Le terme « blanchiment d’argent » aurait pour origine la chaîne de blanchisserie utilisée par Al Capone : la "Sanitary Cleaning Shop" en 1928 qui lui servait de façade légale à ses activités illicites. Les sommes illégalement obtenues par divers trafics sortaient des Etats-Unis pour aller vers les premiers paradis fiscaux (Bahamas…) et étaient ensuite « réinjectées » dans des activités légales et des fonds de commerce où le règlement s’effectue le plus souvent en argent liquide.

L’activité de blanchiment de capitaux consiste en effet à réinjecter dans l’économie légale les produits d’infractions pénales que ces infractions proviennent d’escroqueries, de trafics ou de tout autre crime ou délit.

Ce processus de blanchiment a servi ensuite à financer le terrorisme.

Les Etats ont alors pris conscience du danger et on décidé dans les années 1990 de mettre en place une législation commune et de réaliser des échanges d’informations afin d’ établir une coopération transnationales.

En effet au niveau mondial le blanchiment d’argent représenterait une somme entre 2 à 5 % du PIB mondial. La fraude fiscale est estimée également en Europe entre 2 et 2,5 % du PIB.

C’est ainsi que la première directive européenne sur le sujet a été transposée en France le 12 juillet 1990 afin de lutter contre le blanchiment de capitaux et le financement du terrorisme (LCB/FT). Par la suite, toute opération concourant à la fraude fiscale est entrée également dans le dispositif de vigilance et de déclaration de soupçon.
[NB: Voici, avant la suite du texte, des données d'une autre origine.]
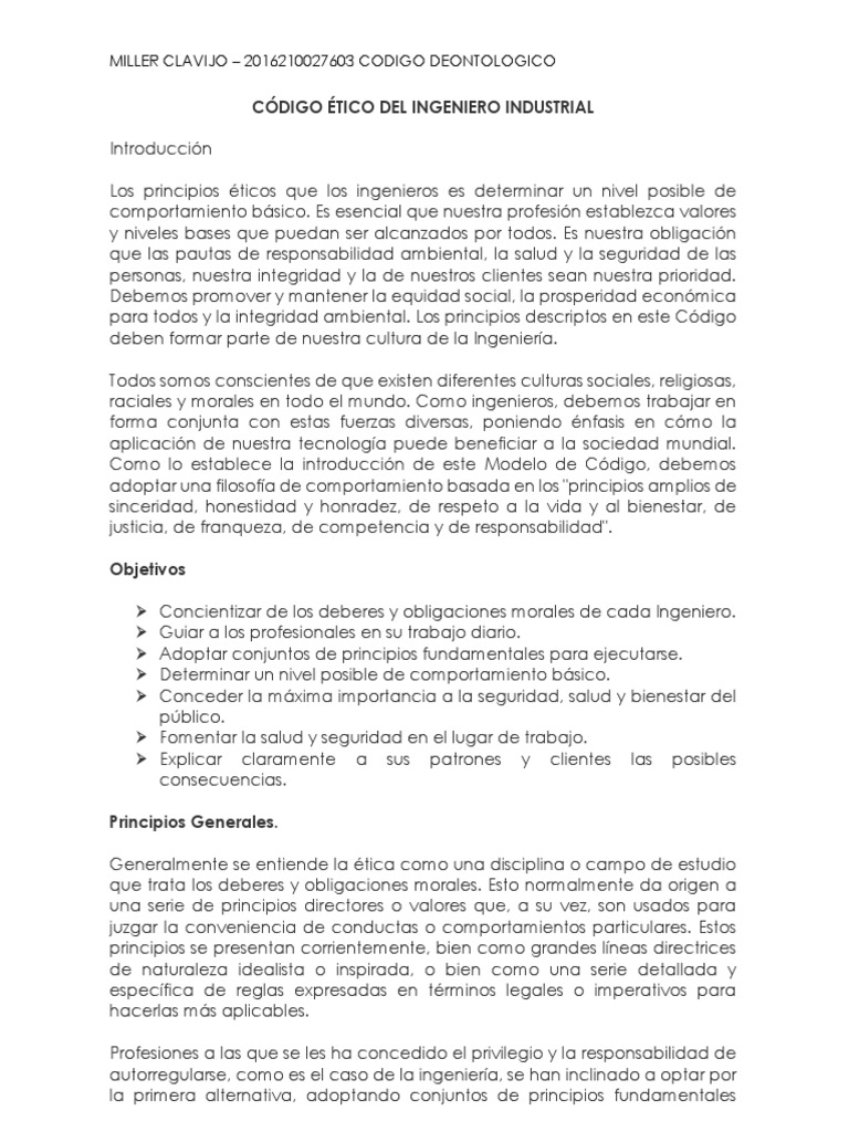 MILLER CLAVIJO – 2016210027603 CODIGO DEONTOLOGICO

Une ordonnance du 1er décembre 2016 est venu renforcer le dispositif réglementaire en intégrant la quatrième directive européenne du 20 mai 2015. Récemment, une cinquième directive européenne a été publié sur le sujet (Directive 2018/843 du Parlement européen et du Conseil du 30 mai 2018) ; elle sera transposée prochainement dans le droit français. Elle prévoit notamment l'interconnexion des fichiers des bénéficiaires effectifs des différents pays membres de l'Union Européenne.
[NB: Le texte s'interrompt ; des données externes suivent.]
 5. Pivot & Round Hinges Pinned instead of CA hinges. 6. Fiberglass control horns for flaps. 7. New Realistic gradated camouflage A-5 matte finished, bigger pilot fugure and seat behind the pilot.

Pourquoi l’immobilier est-il concerné ?

C'est un des domaines privilégiés par les criminels pour transformer ou dissimuler des revenus illicites, ou pratiquer la fraude fiscale.

Dans un rapport de l’OCDE de 2006, il est mentionné que les blanchisseurs de capitaux privilégiait l’investissement immobilier dans des pays bénéficiant d’une stabilité économique et politique (Europe…), dans les valeurs sûres qui ne sont pas soumis aux aléas du marché (immobilier d’entreprise ou résidentiel de luxe).
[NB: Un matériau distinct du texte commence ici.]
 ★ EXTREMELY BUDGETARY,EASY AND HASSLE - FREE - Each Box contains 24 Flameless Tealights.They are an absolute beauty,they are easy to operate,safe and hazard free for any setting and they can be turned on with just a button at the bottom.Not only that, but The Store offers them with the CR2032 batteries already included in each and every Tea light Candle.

L’immobilier permet également de blanchir rapidement de grosses sommes d’argent.

Les enjeux sont très importants car l’investissement immobilier représente 5 % du PIB en France. La part des capitaux immobiliers dans les fonds de pension est également très importante. Les formes actuelles de l’investissement immobilier peuvent également facilement cacher des opérations de blanchiment tel que la financiarisation ou le crownfounding (financement participatif en ligne).

Le directeur de Tracfin Bruno Dales mentionne dans son rapport du 8 décembre 2016 : « le secteur de l’immobilier demeure une vulnérabilité importante du système français, de par la relative sécurité du marché de l’immobilier commercial, et l’attractivité du marché résidentiel haut-de-gamme, essentiellement en région parisienne, sur la Côte d’Azur et dans les Alpes.»

Quelles sont les obligations des professionnels de l'immobilier ?

Tout professionnel qui apporte son concours ou facilite une opération relevant de ces infractions (blanchiment, Financement du terrorisme, fraude fiscale) s’expose à des sanctions pénales et administratives.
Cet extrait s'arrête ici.